───── SUPPLIED INFORMATION ─────

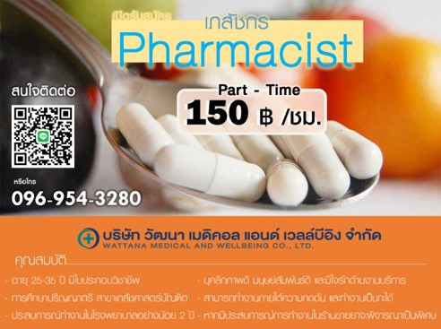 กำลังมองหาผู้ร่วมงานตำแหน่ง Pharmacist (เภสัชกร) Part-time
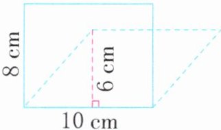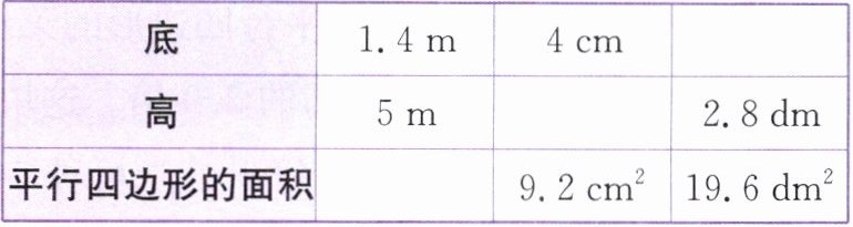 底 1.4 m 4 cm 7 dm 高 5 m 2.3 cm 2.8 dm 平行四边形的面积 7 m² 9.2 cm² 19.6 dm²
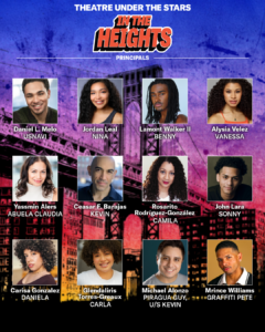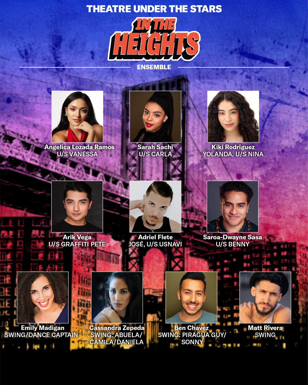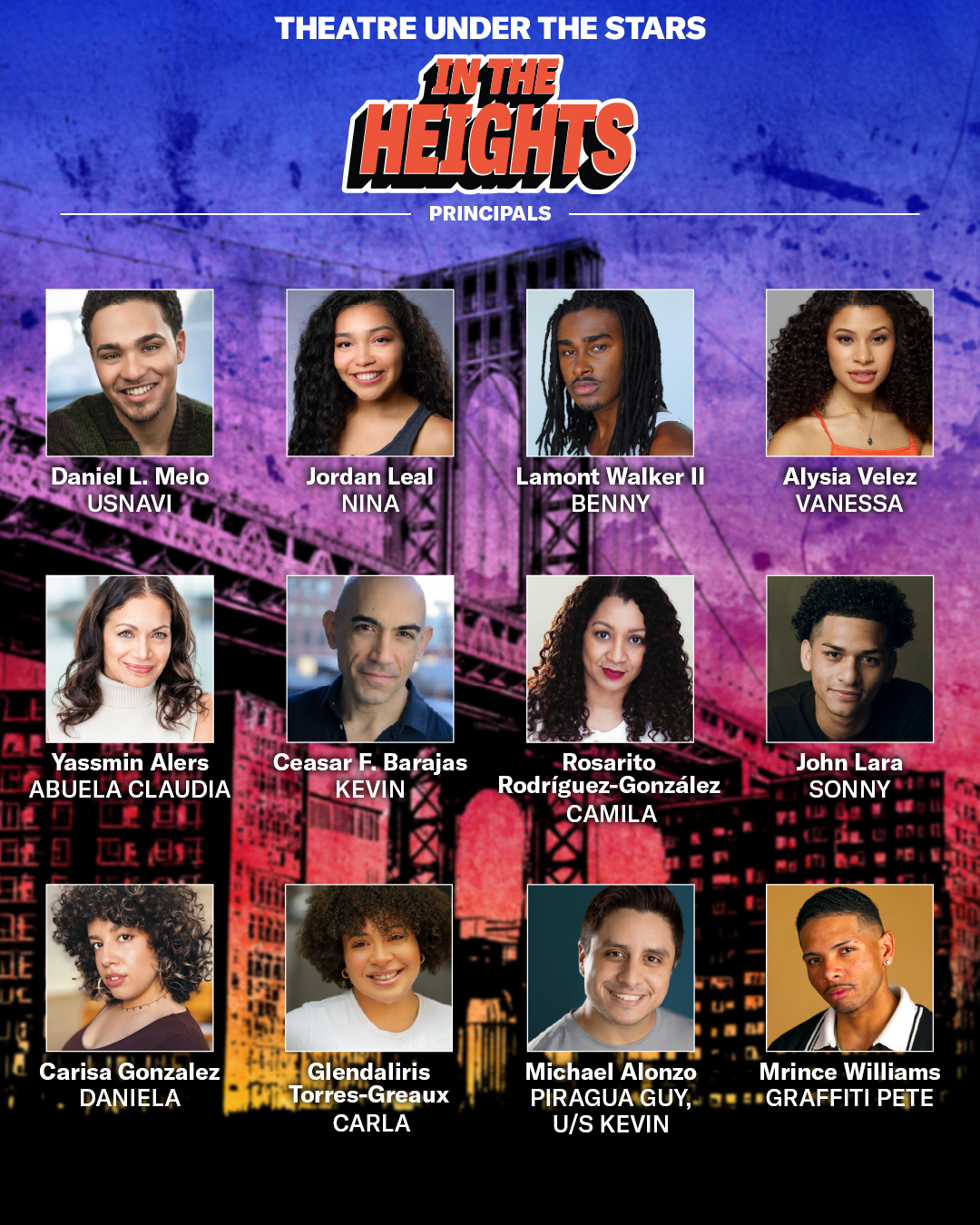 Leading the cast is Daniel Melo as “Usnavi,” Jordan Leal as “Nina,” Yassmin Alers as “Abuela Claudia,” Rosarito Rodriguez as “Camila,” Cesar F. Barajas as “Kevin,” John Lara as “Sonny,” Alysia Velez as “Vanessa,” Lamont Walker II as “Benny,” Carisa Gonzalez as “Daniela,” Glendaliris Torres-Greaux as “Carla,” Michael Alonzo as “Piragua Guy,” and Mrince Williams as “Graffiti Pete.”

─────

» WORK TO COMPLETE
Would you set down each line of the listing above exactly, apart from the pictures?

» EXERCISE SOLUTION
 กำลังมองหาผู้ร่วมงานตำแหน่ง Pharmacist (เภสัชกร) Part-time
 底 1.4 m 4 cm 7 dm 高 5 m 2.3 cm 2.8 dm 平行四边形的面积 7 m² 9.2 cm² 19.6 dm²
 Leading the cast is Daniel Melo as “Usnavi,” Jordan Leal as “Nina,” Yassmin Alers as “Abuela Claudia,” Rosarito Rodriguez as “Camila,” Cesar F. Barajas as “Kevin,” John Lara as “Sonny,” Alysia Velez as “Vanessa,” Lamont Walker II as “Benny,” Carisa Gonzalez as “Daniela,” Glendaliris Torres-Greaux as “Carla,” Michael Alonzo as “Piragua Guy,” and Mrince Williams as “Graffiti Pete.”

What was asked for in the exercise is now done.